─── Information provided

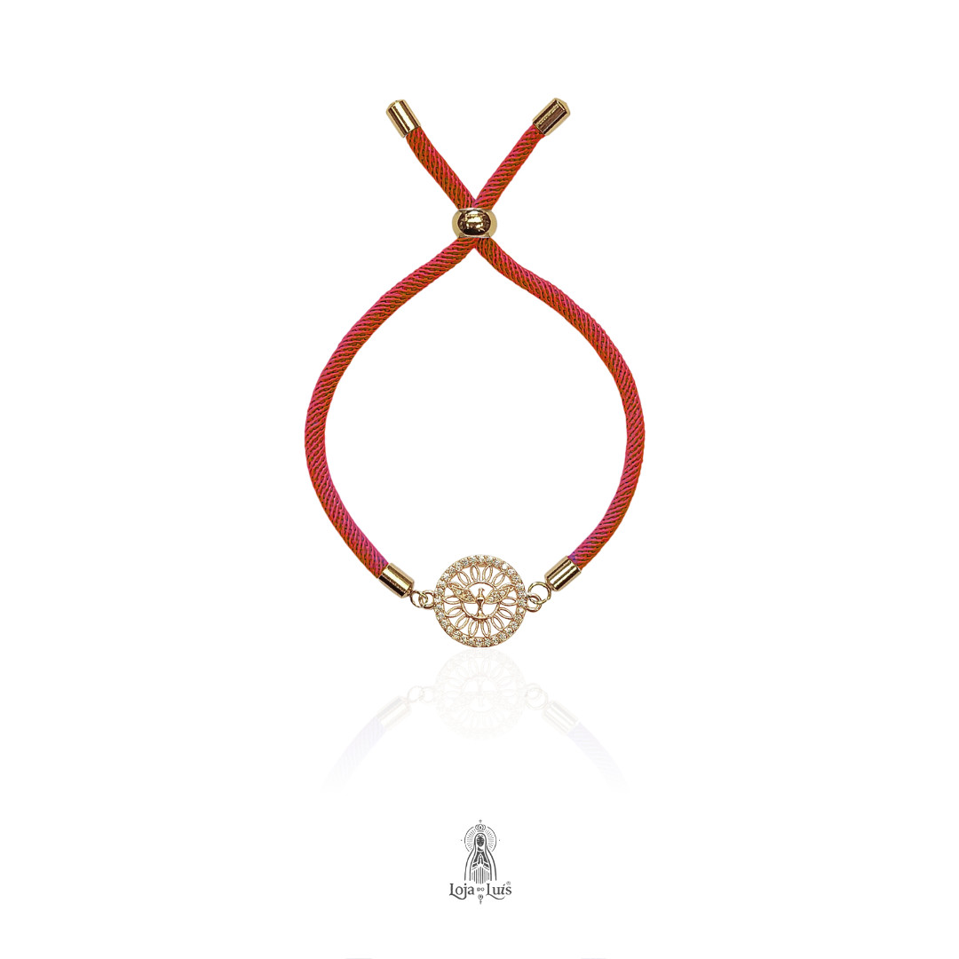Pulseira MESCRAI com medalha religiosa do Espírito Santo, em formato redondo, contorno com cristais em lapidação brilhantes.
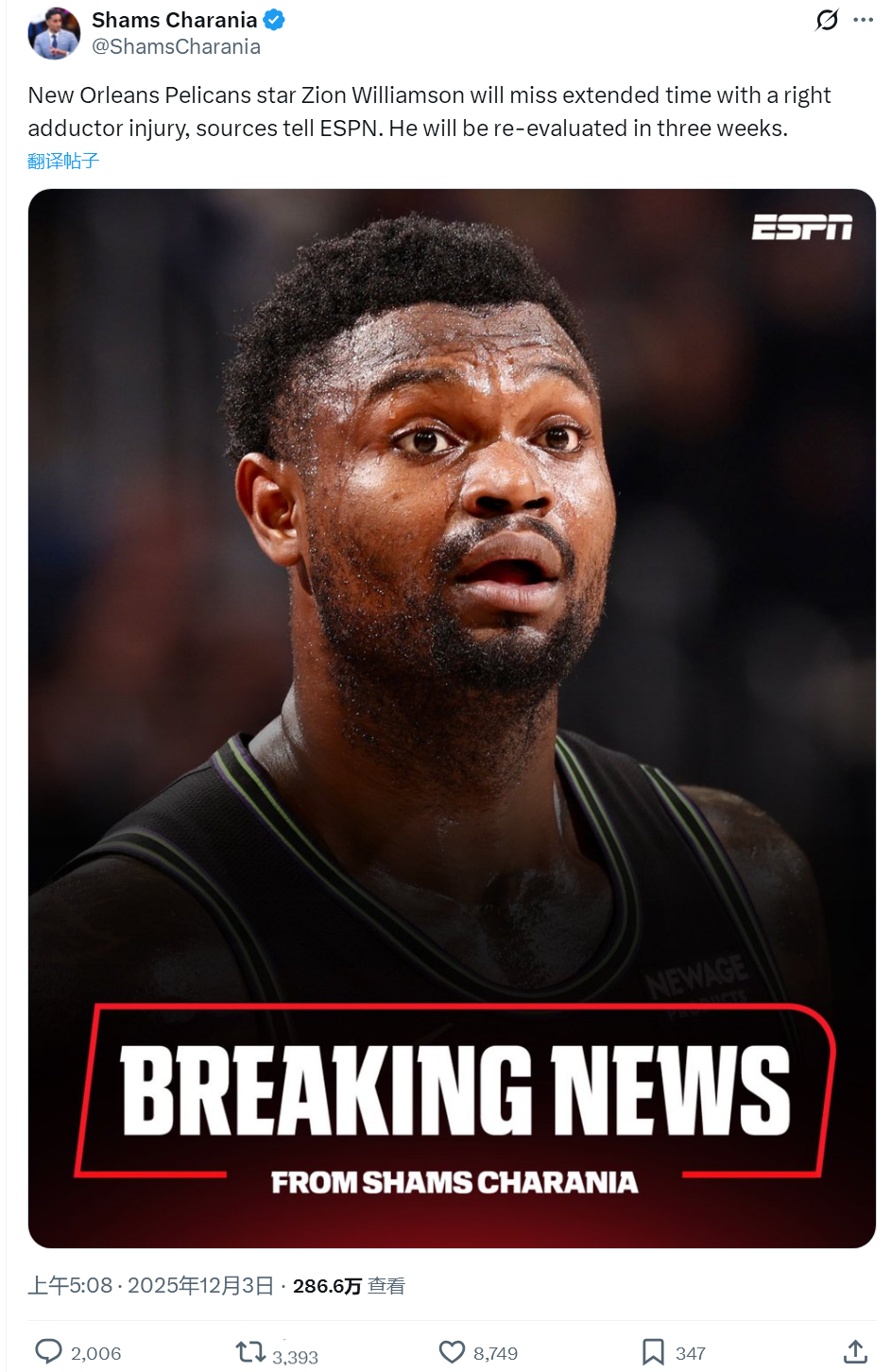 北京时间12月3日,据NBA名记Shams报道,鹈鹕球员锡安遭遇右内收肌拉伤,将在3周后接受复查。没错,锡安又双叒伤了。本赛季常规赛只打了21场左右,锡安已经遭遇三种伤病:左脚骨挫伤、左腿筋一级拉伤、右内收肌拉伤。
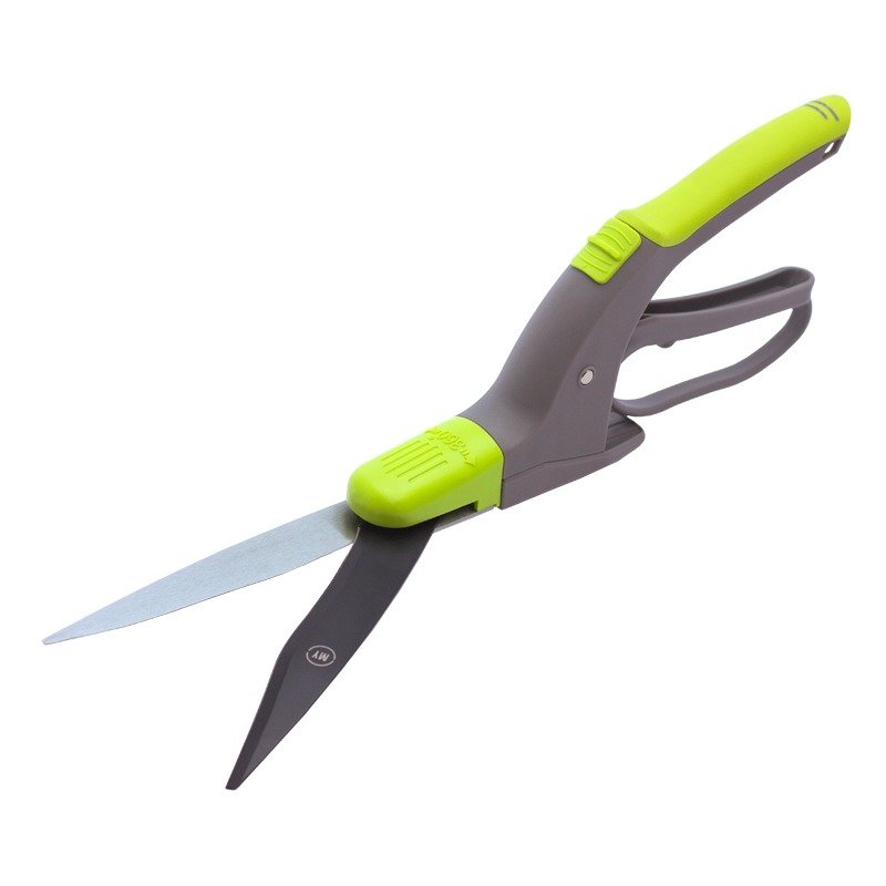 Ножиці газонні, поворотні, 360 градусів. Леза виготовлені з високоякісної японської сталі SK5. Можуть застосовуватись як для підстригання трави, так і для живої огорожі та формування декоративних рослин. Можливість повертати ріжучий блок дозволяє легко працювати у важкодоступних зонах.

──────

*Work request*
What you return must match the lines from the top of the data through the line with "北京时间12月3日,据NBA" exactly, with the pictures removed.

*Solution*
Pulseira MESCRAI com medalha religiosa do Espírito Santo, em formato redondo, contorno com cristais em lapidação brilhantes.
 北京时间12月3日,据NBA名记Shams报道,鹈鹕球员锡安遭遇右内收肌拉伤,将在3周后接受复查。没错,锡安又双叒伤了。本赛季常规赛只打了21场左右,锡安已经遭遇三种伤病:左脚骨挫伤、左腿筋一级拉伤、右内收肌拉伤。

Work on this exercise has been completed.